What I haven’t described here, only in the thread on exxos’ forum, is that I’ve gone ahead and implemented this mod in a GAL as well. That has allowed me to have switches connected to the GAL which enables it to drive three different modes: 1) “doubleST” - Shifter, MMU and CPU running at twice the original frequencies. This allows the new video moves. 2) “stefan16MHz” - MMU and CPU running at twice the speed. You get the full 200% performance boost, but still with the regular video modes. 3) stock. Exactly as original. (The GLUE is never overclocked but stays at 8MHz, otherwise all video timings would get screwed up)
[…] done an extended writeup of a little project I’ve been working on off and on for the last few months. Extending the […]
Well, bandwidth wise, yes. However, the original Atari Shifter is unable to understand either using 8 bitplanes with a 256 color palette, or any form of chunky video mode. A replacement Shifter however, and one has been done using an FPGA, could. https://www.exxoshost.co.uk/forum/viewtopic.php?f=29&t=330 It might be the case that I have such an FPGA Shifter in my DoubleST and just haven’t had the time to get everything working just yet … :/
Just here to say this is an awesome project! Thanks for all that you do for the ST community!
OK, now combine this with an overscan mod, and… 768~800x280 in 16 colours, 1440x480 in mono? If you can finagle some way of doing interlace, that could be default 640x400 16c and upto 800x560 16c with overscan (equal to what was max rez for a lot of fancy SuperEGA and SVGA PC cards of the STe’s era), and on an LCD TV it wouldn’t even have the horrible interlace flicker, just a slight shimmer around any moving parts. Essentially it’d be like what I’ve previously got out of an Amiga when hooked up to a modern TV, but with more horizontal rez (because the pixels are thinner) and without the terrible CPU slowdown that it suffered when running that maxed-out mode… in fact, more than twice the CPU power of that machine even running 640x200 4c …be interesting to see what it could pull off within that expanded screen. And, yeah, missed opportunities. I’ve been mulling for a while over what could have been for a while with a fantasy spec list for a less disappointing STe, or at least the MSTe or some other level above the original Megas that would have bridged the gap between them and the TT, and been a better base to build the Falcon from. The 640x200 16c you show off here is pretty much the base mode for any of those, with a variety of higher rez and/or deeper colour modes derived from the same basic clock…
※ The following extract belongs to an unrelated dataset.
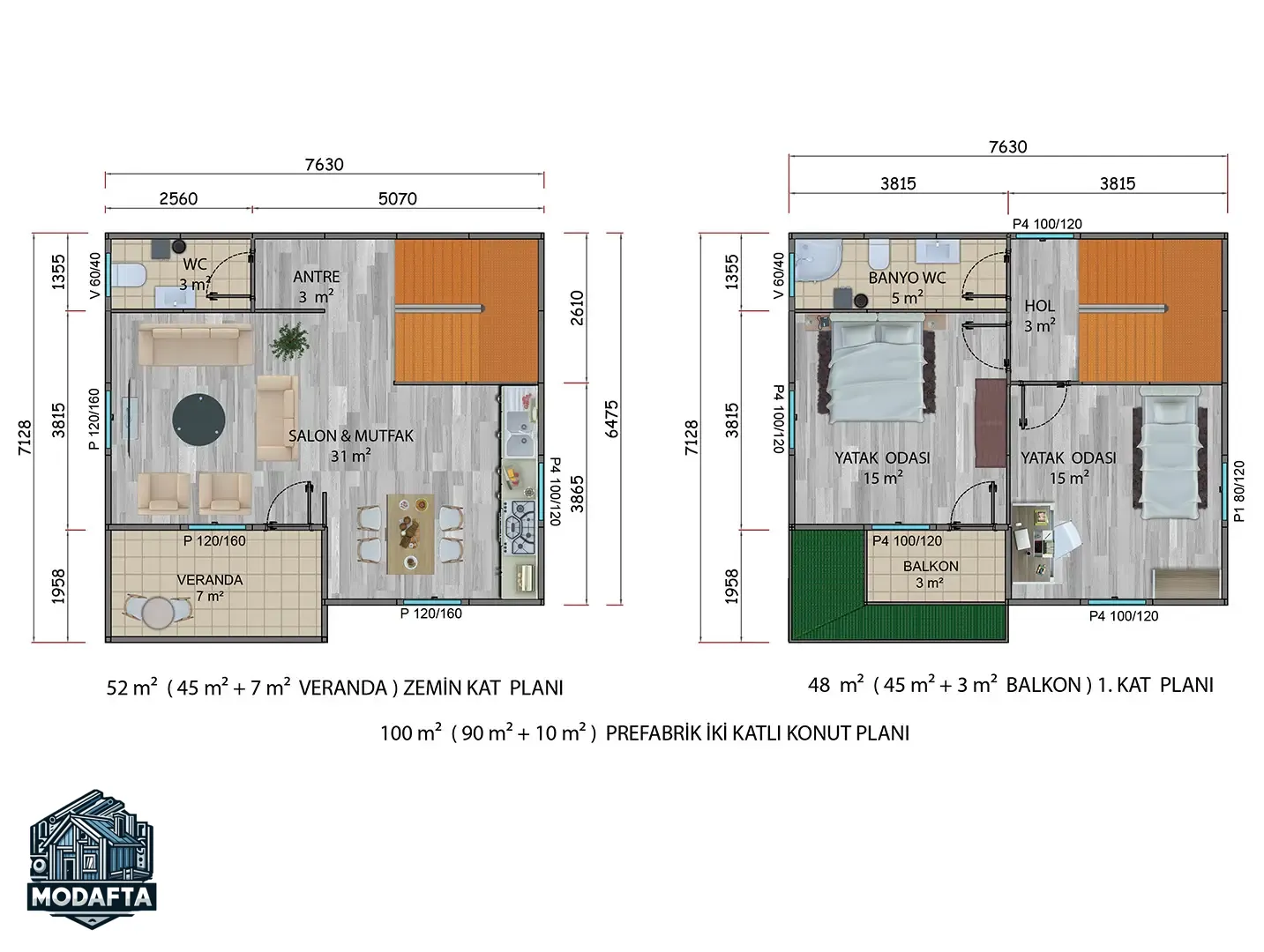 Prefabrik yapılarımız istenilen ölçü ve büyüklükte yapılabilmektedir. Özellikle konutlarda mimar ve mühendislerce hazırlanmış her biri yüksek konfor ve ergonomi içeren hazır tasarımlar müşterilerimizce yoğun talep ve beğeni görmektedir. Metrekarelerine göre 1+1’den başlayarak 3+1’e kadar değişik kullanımlar için çok sayıda planda üretim yapılmaktadır.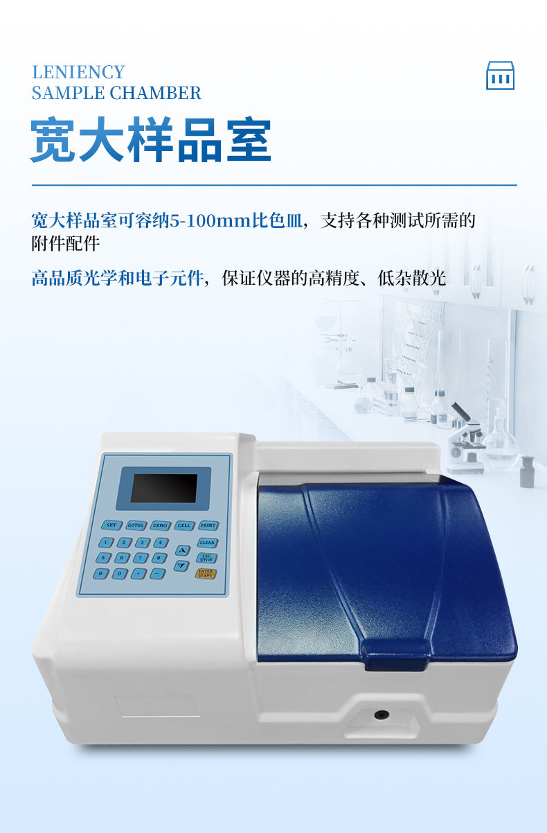 分光光度計具有定量測量、波長掃描、時間掃描、多波長測試、DNA蛋白質測試等高階功能,具有高精度、高分辨率、低噪聲、低雜散光的特點,特別適用于科學研究、醫藥檢驗、生命科學、環境監測、冶金化工等領域。

(additionally if you can interlace in mono, and find a monitor that’s still compatible with hi-rez interlace as used for XGA and a variety of SXGA modes before monitor scan rates and VRAM latency managed to catch up with the actual memory size and driver chip sophistication… 1280x800 base, 1440x960 extended? Even the basic one would be pretty sweet if you could get it lined up on a WXGA-2 monitor, ie 1280x800, such as is used in the laptop I’m typing from, or a lot of midrange data projectors… the overscan would be quite a party trick. And imagine if they’d managed to find someone who could manufacture extra-hi-rez monochrome LCDs and then incorporated either mode into a laptop in the early 90s…)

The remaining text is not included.